Treasury and finance professionals are working in a challenging new era of stubborn inflation, higher interest rates and elevated geopolitical tension. They acknowledge the risks that come with this new reality, but there does not seem to have been widespread action on that awareness yet.
That’s according to the latest findings from Nordea’s 2023 Treasury Survey: Brave new world.
“We see a clear pattern that treasurers perceive the need to be more mindful of interest rate risk and leverage, but they haven’t done that much yet in terms of taking action,” says Johan Trocmé, Head of Nordea Thematics and co-author of the study.
Each year, the survey takes the temperature of Nordic treasury professionals on a wide range of issues. This year’s study drew in record participation from 176 Nordic and international large corporates from a broad spectrum of industries. The authors set out to examine whether the new, uncertain environment with higher interest rates and geopolitical risk is reshaping treasury priorities and behaviour.
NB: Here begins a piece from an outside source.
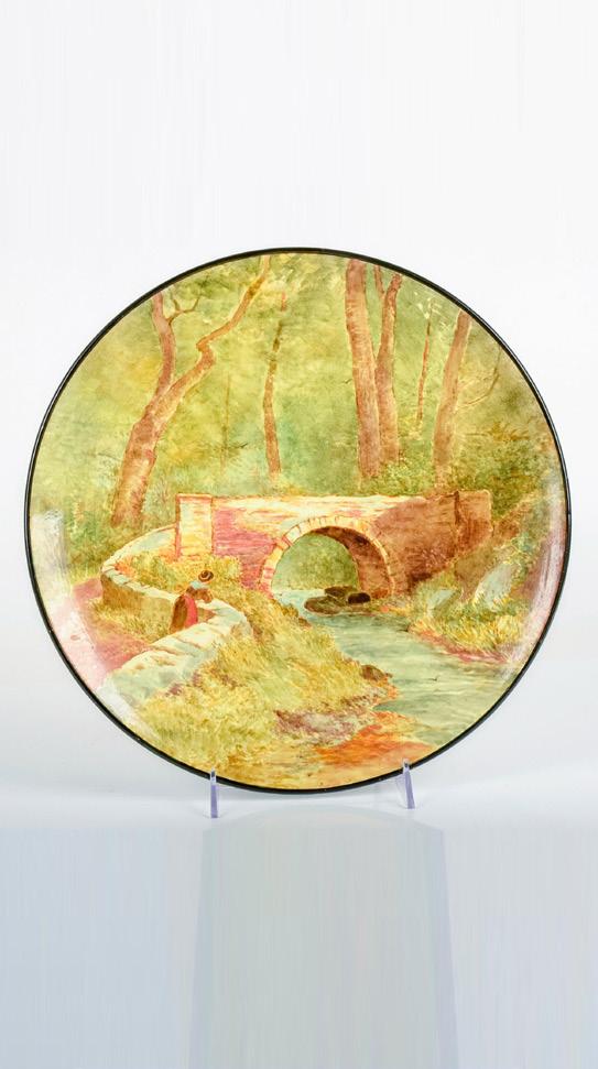 Depicting sheep grazing at sunset. Finely painted, with gilded rim.
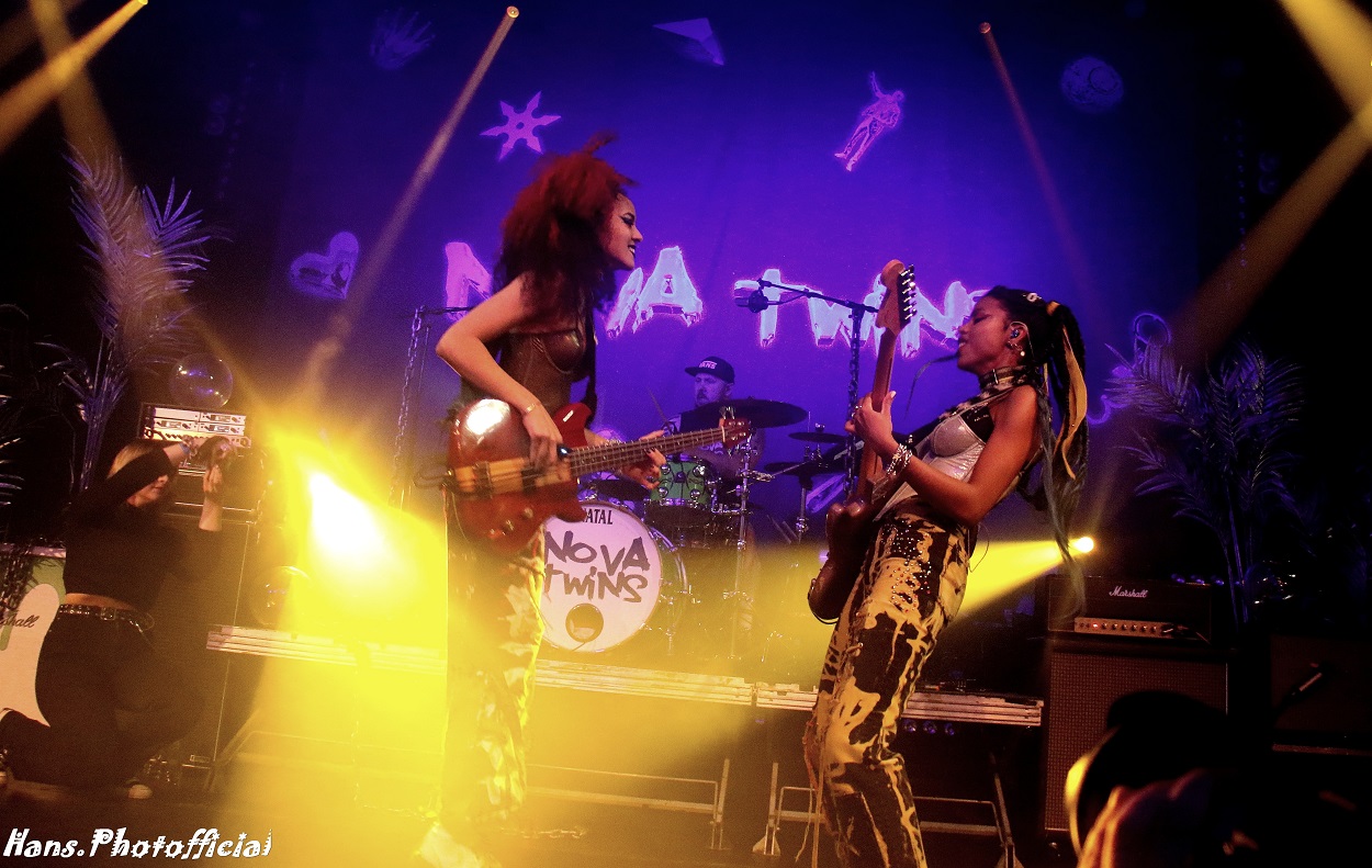 Af en toe zijn er van die concertavonden die op papier boven de kalender uitsteken. Deze week was er zo een avondje dat we niet alleen in die categorie kunnen onderbrengen maar tevens in de rubriek ‘niet te missen’ kunnen rangschikken. Het was de Botanique die een optreden kon strikken van de hiphop/metal-sensatie Nova Twins uit Londen. Hieronder volgt breed uitgesmeerd hoe bassiste Georgia South en gitariste/zangeres Amy Love het in Brussel stelden tijdens het eerste luik van hun niets ontziende veroveringstocht van het Europese vasteland. In juli staan ze op zondag op Rock Werchter en we schrijven nu al op dat ze hierna enkel nog te bewonderen zullen zijn in door Live Nation ‘gecontroleerde’ zalen. Nova Twins zorgen niet alleen op plaat voor een Supernova maar de dames tekenen ook op het podium voor een krachtige kleurrijke eruptie en ze zijn vooral rijp om als een niets ontziende supernova door het muzieklandschap te razen.

“The inflation comeback has led to higher interest rates. No one knows how far it will go or how long it will last. We also have the geopolitical risk from the war in Ukraine and simmering tensions between the US and China,” says Trocmé.
He goes on to explain that more than 10 years ago, the treasury function was more oriented towards managing financial risks. Then, over the past decade or so, it entered a period of optimisation, centred around streamlining processes, boosting efficiency and turning the treasury into a well-oiled machine. Now, with the new economic environment, has the treasury reprised its role as risk manager?